• WHAT YOU NEED TO DO: Please repeat, exactly and without pictures, the lines of the entries below that run from the one containing "大公文匯全媒體報道,跨境理財" through the one containing "QUICK LINKS Contact".

• SOURCE MATERIAL:
★ ★ ★ ★ ★

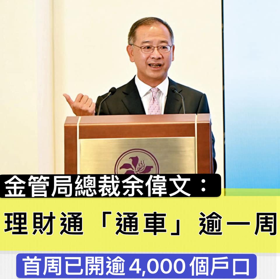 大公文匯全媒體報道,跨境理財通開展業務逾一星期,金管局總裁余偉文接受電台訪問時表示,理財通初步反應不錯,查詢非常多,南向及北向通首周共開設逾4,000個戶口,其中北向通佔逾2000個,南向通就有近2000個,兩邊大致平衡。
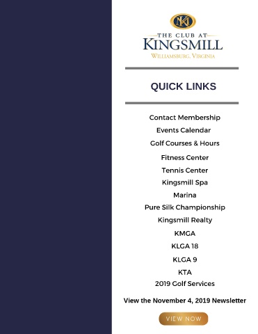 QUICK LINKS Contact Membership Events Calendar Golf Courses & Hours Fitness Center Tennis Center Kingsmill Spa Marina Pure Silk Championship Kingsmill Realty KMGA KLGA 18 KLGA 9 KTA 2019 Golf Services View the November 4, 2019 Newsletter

★ ★ ★ ★ ★

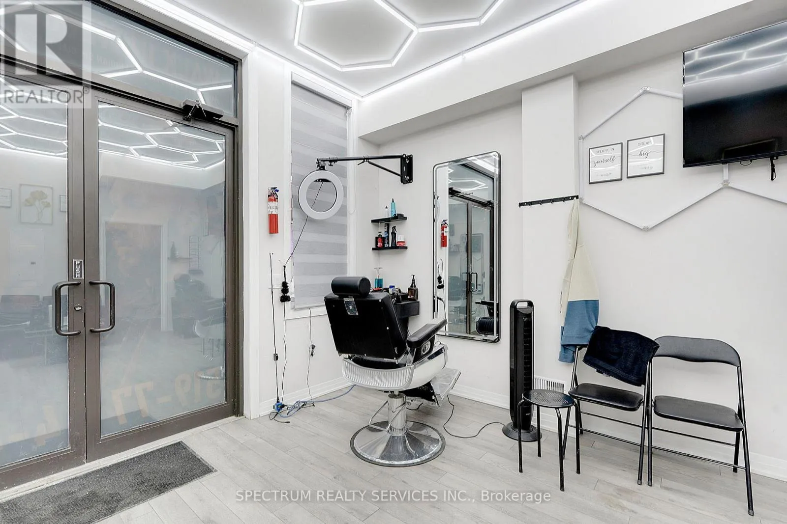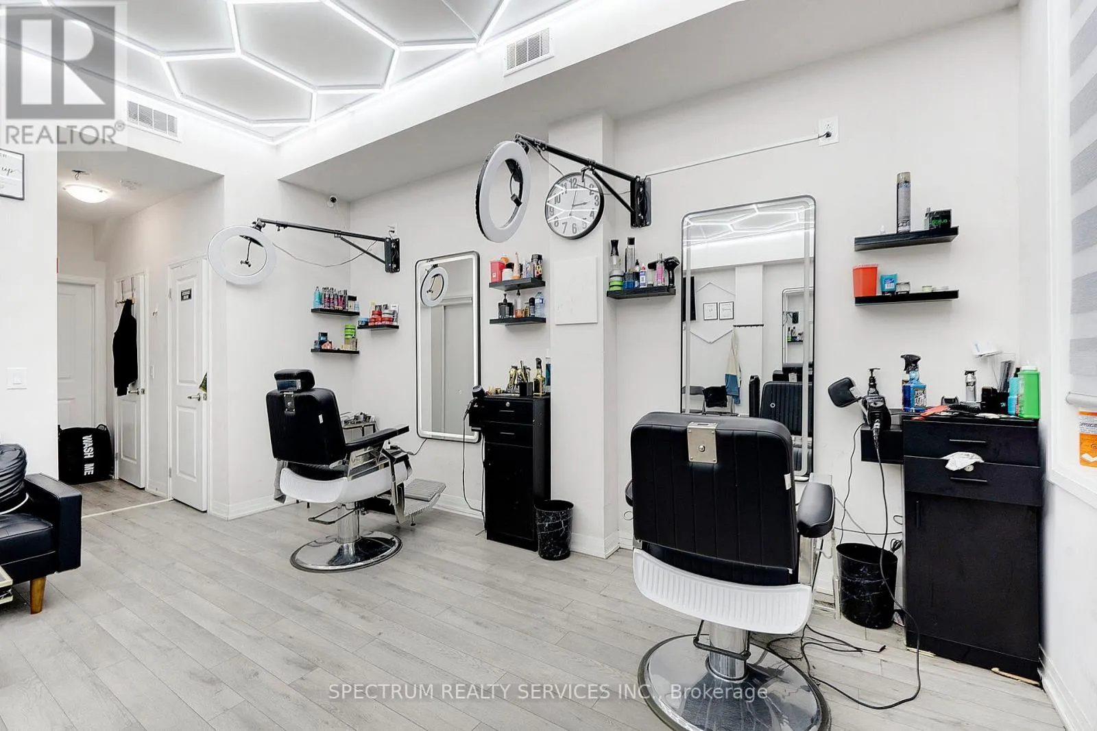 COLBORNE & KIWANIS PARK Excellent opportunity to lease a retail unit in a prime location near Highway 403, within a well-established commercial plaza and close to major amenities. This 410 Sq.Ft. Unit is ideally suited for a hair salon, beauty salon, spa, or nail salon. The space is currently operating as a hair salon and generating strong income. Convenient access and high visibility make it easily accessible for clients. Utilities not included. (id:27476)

★ ★ ★ ★ ★

• RESPONSE BELOW:
 大公文匯全媒體報道,跨境理財通開展業務逾一星期,金管局總裁余偉文接受電台訪問時表示,理財通初步反應不錯,查詢非常多,南向及北向通首周共開設逾4,000個戶口,其中北向通佔逾2000個,南向通就有近2000個,兩邊大致平衡。
 QUICK LINKS Contact Membership Events Calendar Golf Courses & Hours Fitness Center Tennis Center Kingsmill Spa Marina Pure Silk Championship Kingsmill Realty KMGA KLGA 18 KLGA 9 KTA 2019 Golf Services View the November 4, 2019 Newsletter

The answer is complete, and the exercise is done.